Medical science has a jawbreaking name but no treatment and no sign of a cure for a mysterious wasting of the muscles. The disease called progressive muscular dystrophy is by no means rare: estimates of U.S. victims range from 100,000 to 200,000. Last week, the recently formed Muscular Dystrophy Association met in Manhattan, decided to try to raise $250,000, largely to push research by Dr. Ade T. Milhorat at New York Hospital-Cornell Medical Center. Its slogan: “Give hope to the hopeless.”
So little is known about muscular dystrophy that doctors cannot even agree on how many kinds there are. But two main types are recognized. The first attacks its victims in childhood, usually between the ages of three and six, and is transmitted through the mother by a recessive gene, nearly always to boys. Treacherous in its onset (seldom giving pain as a warning) and insidious in its advance as it weakens muscle after muscle, childhood dystrophy usually proves fatal before the 20th year.

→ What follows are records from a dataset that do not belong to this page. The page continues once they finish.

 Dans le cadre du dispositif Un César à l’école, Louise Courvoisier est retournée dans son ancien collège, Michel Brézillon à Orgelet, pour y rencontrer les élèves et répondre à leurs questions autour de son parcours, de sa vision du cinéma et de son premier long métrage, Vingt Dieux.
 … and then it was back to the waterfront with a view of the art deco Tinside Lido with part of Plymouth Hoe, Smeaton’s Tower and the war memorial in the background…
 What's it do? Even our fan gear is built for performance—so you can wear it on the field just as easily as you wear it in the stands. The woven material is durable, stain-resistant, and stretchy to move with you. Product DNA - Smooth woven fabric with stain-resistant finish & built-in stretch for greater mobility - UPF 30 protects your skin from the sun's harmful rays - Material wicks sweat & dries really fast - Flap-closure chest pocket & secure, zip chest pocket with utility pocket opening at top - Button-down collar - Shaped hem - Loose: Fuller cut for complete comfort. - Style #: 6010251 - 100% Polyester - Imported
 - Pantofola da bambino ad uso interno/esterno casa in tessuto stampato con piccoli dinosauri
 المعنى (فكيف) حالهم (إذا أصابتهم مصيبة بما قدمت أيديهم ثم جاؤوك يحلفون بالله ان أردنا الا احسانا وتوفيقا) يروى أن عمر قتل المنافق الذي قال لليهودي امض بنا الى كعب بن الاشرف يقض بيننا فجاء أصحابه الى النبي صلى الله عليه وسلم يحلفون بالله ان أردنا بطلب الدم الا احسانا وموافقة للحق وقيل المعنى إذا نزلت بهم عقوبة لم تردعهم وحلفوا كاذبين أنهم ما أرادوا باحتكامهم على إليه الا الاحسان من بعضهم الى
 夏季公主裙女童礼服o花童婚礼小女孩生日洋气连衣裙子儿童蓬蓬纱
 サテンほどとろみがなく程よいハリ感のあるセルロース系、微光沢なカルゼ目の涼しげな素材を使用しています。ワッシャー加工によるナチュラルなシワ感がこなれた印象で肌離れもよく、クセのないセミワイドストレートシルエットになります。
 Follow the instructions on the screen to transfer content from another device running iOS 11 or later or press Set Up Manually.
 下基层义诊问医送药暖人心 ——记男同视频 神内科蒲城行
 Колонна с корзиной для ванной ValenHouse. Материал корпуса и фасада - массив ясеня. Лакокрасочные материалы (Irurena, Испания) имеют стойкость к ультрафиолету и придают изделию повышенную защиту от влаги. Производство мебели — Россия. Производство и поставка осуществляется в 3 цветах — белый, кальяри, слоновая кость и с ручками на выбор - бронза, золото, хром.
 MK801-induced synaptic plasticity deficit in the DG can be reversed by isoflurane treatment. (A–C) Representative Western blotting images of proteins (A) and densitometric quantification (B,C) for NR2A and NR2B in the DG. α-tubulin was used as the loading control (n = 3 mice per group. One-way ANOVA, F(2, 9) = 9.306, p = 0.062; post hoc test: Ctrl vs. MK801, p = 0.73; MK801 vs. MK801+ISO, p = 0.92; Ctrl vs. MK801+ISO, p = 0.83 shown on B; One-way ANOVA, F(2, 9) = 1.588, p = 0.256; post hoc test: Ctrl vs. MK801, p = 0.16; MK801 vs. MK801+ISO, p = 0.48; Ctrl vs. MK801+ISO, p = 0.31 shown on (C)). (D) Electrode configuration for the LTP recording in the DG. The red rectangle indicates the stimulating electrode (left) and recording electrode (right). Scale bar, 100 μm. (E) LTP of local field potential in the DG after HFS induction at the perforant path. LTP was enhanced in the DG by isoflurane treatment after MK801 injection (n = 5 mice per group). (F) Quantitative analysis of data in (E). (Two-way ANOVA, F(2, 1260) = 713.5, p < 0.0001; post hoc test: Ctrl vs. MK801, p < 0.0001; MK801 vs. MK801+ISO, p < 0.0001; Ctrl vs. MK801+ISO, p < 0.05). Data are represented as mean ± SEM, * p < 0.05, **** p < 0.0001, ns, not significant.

Closely related, but striking more often at adolescents and adults, is the form of muscular dystrophy to which men & women are almost equally subject. The facial and shoulder muscles are weakened first; the forearms and hands are less likely to be affected. The patient may live for many years, severely handicapped.
Dr. Milhorat and other researchers have found that in experiments with rabbits the disease may be brought on by withholding vitamin E from the diet, and shut off by giving the vitamin. But humans, for some unknown reason, do not react so simply: they may have plenty of vitamin E in their diets, while their muscles, unable to use it, wither away.